— Directions —
Leave out the pictures and reproduce all of the data exactly.

— Source material —
================================
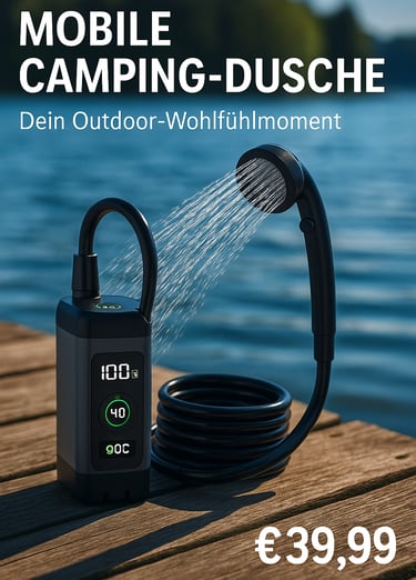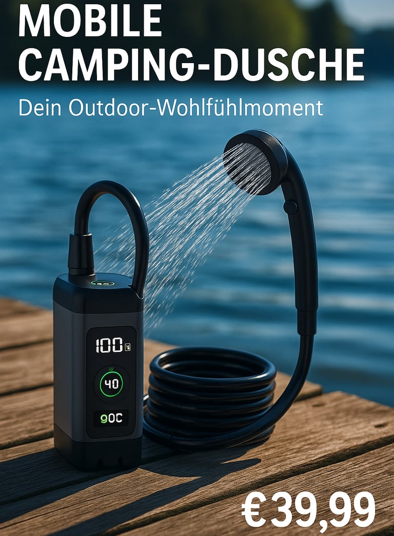 Die mobile Dusche mit 6000 mAh Akku, digitaler Anzeige und High/Low-Modus – perfekt für Camping, Garten oder Outdoor-Abenteuer.
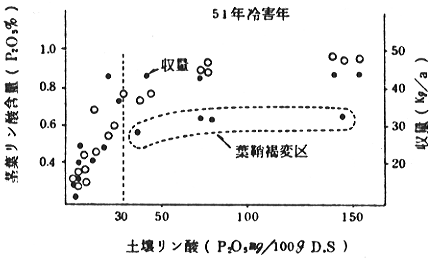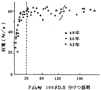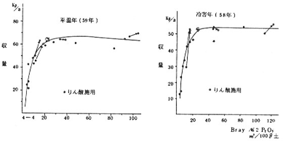 平温年、冷害年それぞれにおいて、分げつ盛期のプレイりん酸が、各々25mg、30mgで収量は頭打ちとなり、このプレイ値で分げつ終期付近の茎葉のりん酸含有率は各々0.6〜0.7%、0.7〜0.8%となった。
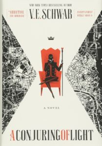 The third book, A Conjuring of Light, was probably my least favorite of the three. Although Kell and Delilah are back and having adventures, they were, for me, confusing adventures. Red London is under attack, but the nature of the attack wasn’t entirely clear to me. I think that’s because the magic in these books doesn’t work like most authors’ magic and so was hard for me to understand. I actually like that the magic in these books is a different kind of magic, but it did get a little muddy for me at times.
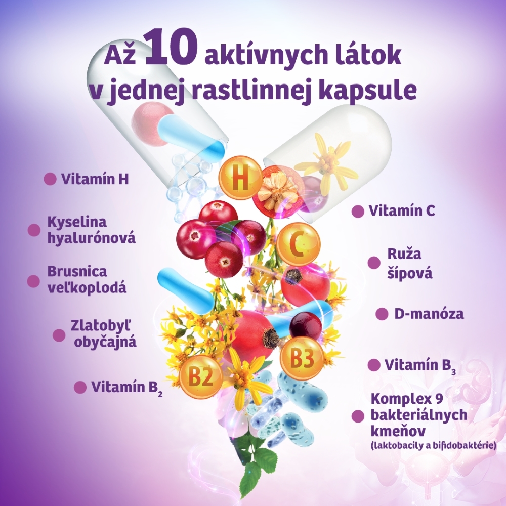 Zloženie: Obsah zložiek v 1 kapsule (0,841 g): extrakt z plodov kľukvy/brusnice veľkoplodej [(Vaccinium macrocarpon), štandardizovaný na 36 % proantokyanidínov (PAC) 126 mg] 350 mg, extrakt z vňate zlatobyle obyčajnej [(Solidago virgaurea), štandardizovaný na 5 % flavonoidov, maltodextrín] 100 mg, D-manóza 100 mg, vitamín C (kyselina L-askorbová) 40 mg (50 % *RVH), extrakt z plodov ruže šípovej (Rosa canina) 30 mg, zmes tyndalizovaných bakteriálnych kultúr [Lactobacillus acidophilus, Lactobacillus rhamnosus, Lactobacillus casei, Lactobacillus plantarum, Lactobacillus reuteri, Bifidobacterium lactis, Bifidobacterium bifidum, Bifidobacterium breve, Streptococcus thermophilus, frukto-oligosacharidy (FOS)] 30 mg (3x109 CFU), protihrudkujúca látka (oxid kremičitý), vitamín B3 – niacín (nikotinamid) 16 mg (100 % *RVH), kyselina hyalurónová (95%) 10 mg, protihrudkujúca látka (stearan horečnatý), vitamín B2 (riboflavín) 1,4 mg (100 % *RVH), biotín (vitamín H, D-biotín, maltodextrín) 50 µg (100 % *RVH). Kapsula je zložená z hydroxypropylmetylcelulózy. *RVH – referenčná výživová hodnota.
================================
— Expected answer —
 Die mobile Dusche mit 6000 mAh Akku, digitaler Anzeige und High/Low-Modus – perfekt für Camping, Garten oder Outdoor-Abenteuer.
 平温年、冷害年それぞれにおいて、分げつ盛期のプレイりん酸が、各々25mg、30mgで収量は頭打ちとなり、このプレイ値で分げつ終期付近の茎葉のりん酸含有率は各々0.6〜0.7%、0.7〜0.8%となった。
 The third book, A Conjuring of Light, was probably my least favorite of the three. Although Kell and Delilah are back and having adventures, they were, for me, confusing adventures. Red London is under attack, but the nature of the attack wasn’t entirely clear to me. I think that’s because the magic in these books doesn’t work like most authors’ magic and so was hard for me to understand. I actually like that the magic in these books is a different kind of magic, but it did get a little muddy for me at times.
 Zloženie: Obsah zložiek v 1 kapsule (0,841 g): extrakt z plodov kľukvy/brusnice veľkoplodej [(Vaccinium macrocarpon), štandardizovaný na 36 % proantokyanidínov (PAC) 126 mg] 350 mg, extrakt z vňate zlatobyle obyčajnej [(Solidago virgaurea), štandardizovaný na 5 % flavonoidov, maltodextrín] 100 mg, D-manóza 100 mg, vitamín C (kyselina L-askorbová) 40 mg (50 % *RVH), extrakt z plodov ruže šípovej (Rosa canina) 30 mg, zmes tyndalizovaných bakteriálnych kultúr [Lactobacillus acidophilus, Lactobacillus rhamnosus, Lactobacillus casei, Lactobacillus plantarum, Lactobacillus reuteri, Bifidobacterium lactis, Bifidobacterium bifidum, Bifidobacterium breve, Streptococcus thermophilus, frukto-oligosacharidy (FOS)] 30 mg (3x109 CFU), protihrudkujúca látka (oxid kremičitý), vitamín B3 – niacín (nikotinamid) 16 mg (100 % *RVH), kyselina hyalurónová (95%) 10 mg, protihrudkujúca látka (stearan horečnatý), vitamín B2 (riboflavín) 1,4 mg (100 % *RVH), biotín (vitamín H, D-biotín, maltodextrín) 50 µg (100 % *RVH). Kapsula je zložená z hydroxypropylmetylcelulózy. *RVH – referenčná výživová hodnota.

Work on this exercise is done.